=== Section Start ===

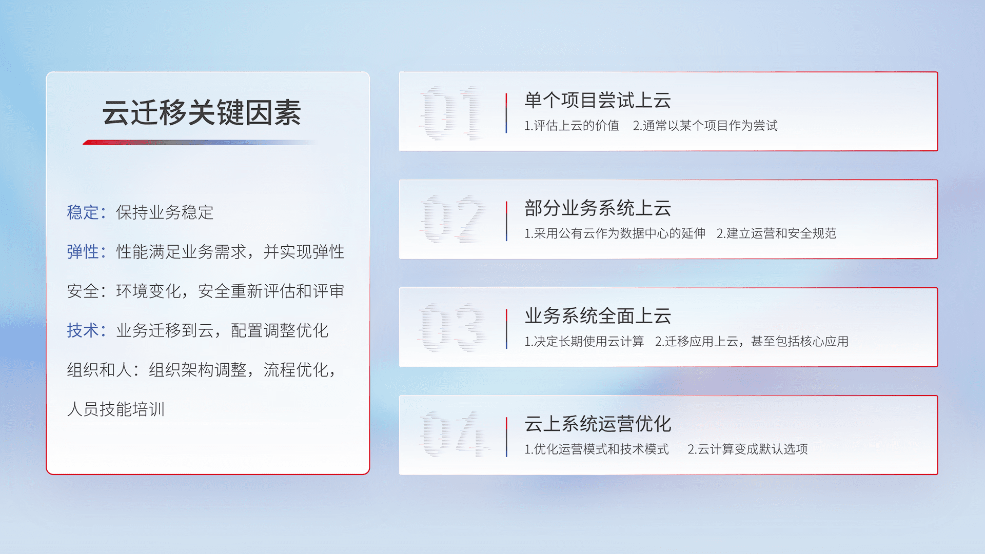 结合实际业务,,,从规划设计、、、、云平台选型、、云原生改造、、、数据迁移、、、集成交付,,,,迁移全过程为客户识别最佳上云路径,,,,做好风险识别管理,,,,设计网络架构、、、、身份权限、、安全审计合规、、操作审计、、日志审计、、、监控告警策略、、、多站点容灾设计等,,,,对云上基础设施进行整体规划,,,,提升IT治理水平,,以满足弹性、、高可用、、高性能的需求。。
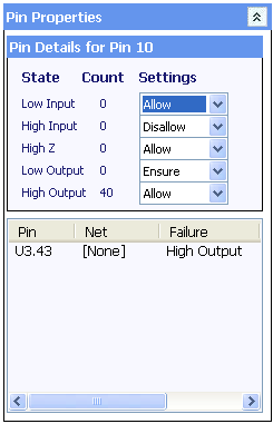 The Allow result button will change the pin states of device pins to allow any results that have been seen in the last read operation. This is done cumulatively to allow the state of the board to be trained multiple times without affecting previous results. Pressing Ensure result has the same effect as Allow result but the results are changed to Ensure instead of Allow.
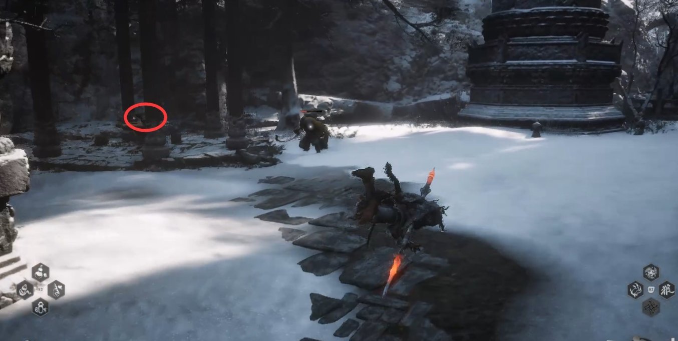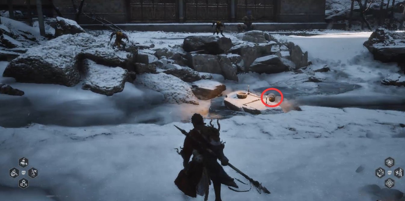 10、继续往前走穿过大门,击败海上僧得到【法术】皓霜,可以变身寒冻妖僧。(靠近下图左边那个方形的井,它就会出现)
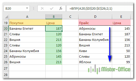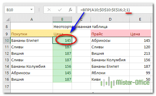 Как и в предыдущих примерах, наша задача — найти цену на каждый товар, извлекая ее из прайс-листа. Если область поиска (Цена) является крайним левым столбцом в области поиска, для точного совпадения вводится обычная формула ВПР:
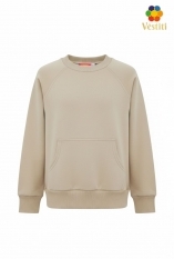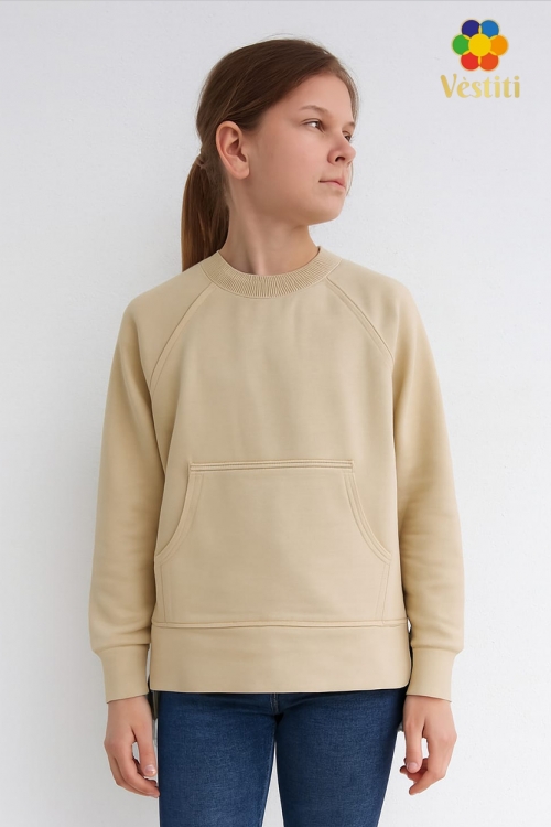 Hanorac fără glugă pentru copii, realizat din tricot „2 fire” de calitate superioară. Modelul este prevăzut cu buzunar tip cangur, mâneci raglan cu manșete și oferă o potrivire confortabilă, ideală pentru purtare zilnică.
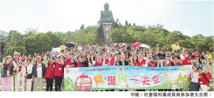 【香港商報網訊】香港中華總商會轄下愛心行動委員會、灣仔區聯絡處及港島東區聯絡處日前與社會福利署東區及灣仔區跨服務協作小組合辦「樂聚同一天空下」愛心活動,招待近300位來自灣仔區及港島東區弱勢社群人士乘搭昂坪360纜車及遊覽大嶼山,共度輕鬆愉快周末。
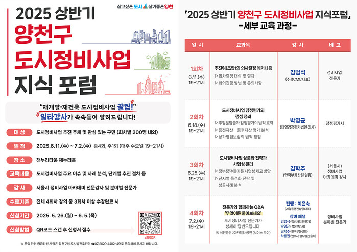 | ▲ 2025 상반기 양천구 도시정비사업 지식포럼 홍보 이미지. (사진=양천구청 제공) |
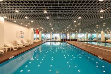 Luxury awaits at this hotel with an indoor pool, seasonal outdoor pool, and a children's pool. The area features a hot tub, loungers, and a poolside bar.
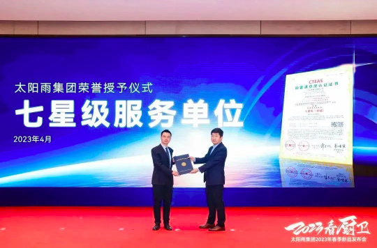 太阳雨集团To C事业部客户服务中心总监郭康、中国商业联合会、北京五洲天宇认证中心副主任李歆宇,共同登台进行CTEAS售后服务体系完整程度七星级服务单位认证证书授牌仪式。太阳雨坚守初心,用心做服务,服务第一战略始终如一,切实维护消费者权益,做到守好企业良心底线。
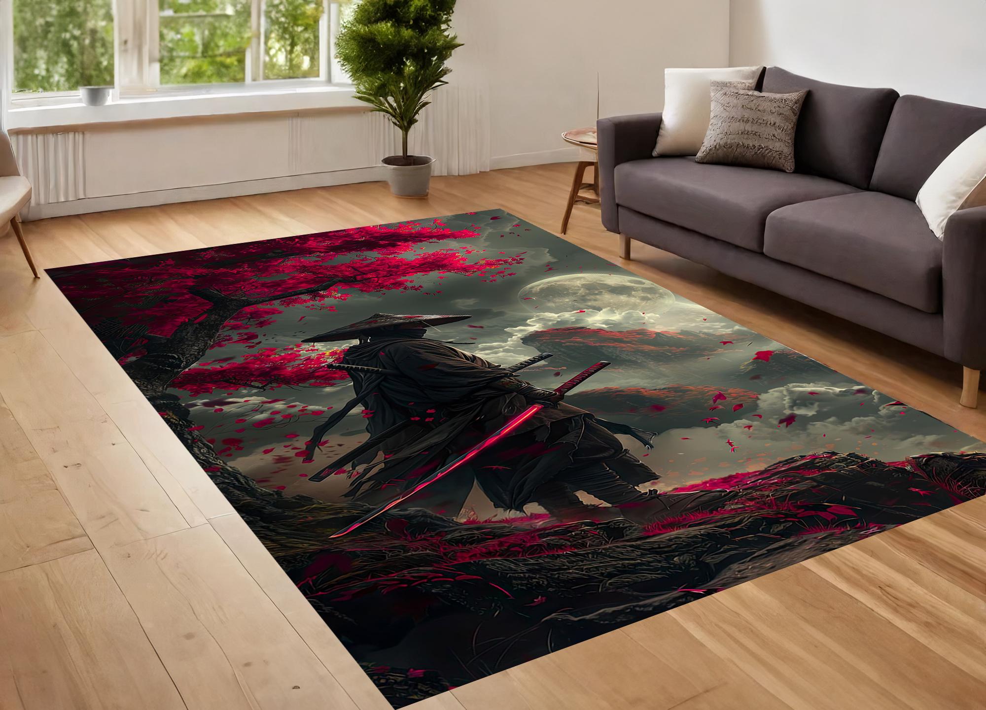 Samurai Rug, Japanese Themed Rug, Japanese Samurai Rug, Japanese Wa...
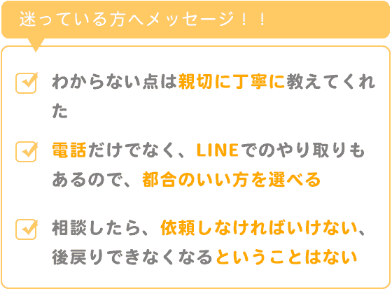 又、お電話をいただいた時の気配りや、丁寧さも印象がよかったのでその点もお願いしようと思った点です。
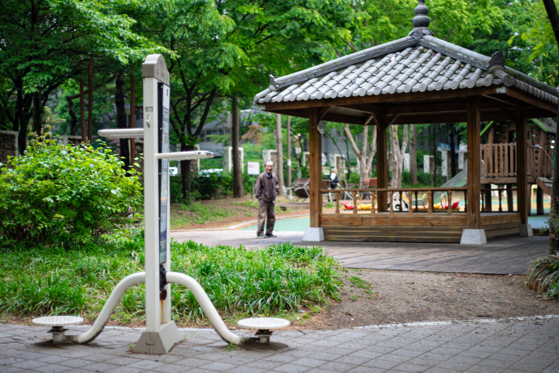 Jardin d’enfance or « Garden of Childhood » is an ongoing photo series, showcasing the Korean residential neighbourhood I have been living in for almost a year now. When I first arrived, I was struck by the sort of isolation that nature and urban engineering made possible. To this day it still feels like living in a cocoon, in a safe and warm bubble, outside of the real world’s worries. I quickly couldn’t help but think that despite the country’s rigid education system, growing up here as a young child must be like paradise. A safe heaven; quiet and surrounded by nature, far from the busy cities while still being lively and with modern South Korean infrastructure and conveniency (specifically 24hrs-open ice cream shops).
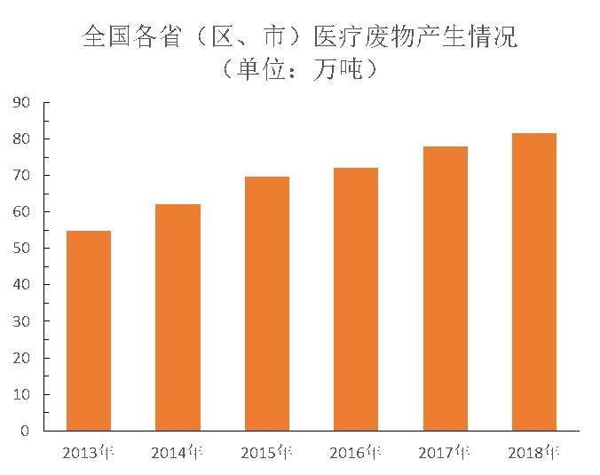 由于医疗水平增高等原因,医疗机构来源的医疗废物产量逐年递增,对处置能力的要求也随之提高。虽然对于医疗机构外的医疗垃圾并未有官方的统计数据,但是科技在发展、国民医疗卫生意识在增强,血糖仪等居家治疗或检测项目随之兴起,家庭一次性卫生用品(如口罩)使用随之增多,家庭来源医疗垃圾的数量必然也在逐年增加。

=== Section End ===

- WHAT IS REQUIRED: Please repeat, with no pictures, each line from the start of the records above through the line with "10、继续往前走穿过大门,击", inclusive, and only those.

- SOLUTION TO THIS EXERCISE:
 结合实际业务,,,从规划设计、、、、云平台选型、、云原生改造、、、数据迁移、、、集成交付,,,,迁移全过程为客户识别最佳上云路径,,,,做好风险识别管理,,,,设计网络架构、、、、身份权限、、安全审计合规、、操作审计、、日志审计、、、监控告警策略、、、多站点容灾设计等,,,,对云上基础设施进行整体规划,,,,提升IT治理水平,,以满足弹性、、高可用、、高性能的需求。。
 The Allow result button will change the pin states of device pins to allow any results that have been seen in the last read operation. This is done cumulatively to allow the state of the board to be trained multiple times without affecting previous results. Pressing Ensure result has the same effect as Allow result but the results are changed to Ensure instead of Allow.
 10、继续往前走穿过大门,击败海上僧得到【法术】皓霜,可以变身寒冻妖僧。(靠近下图左边那个方形的井,它就会出现)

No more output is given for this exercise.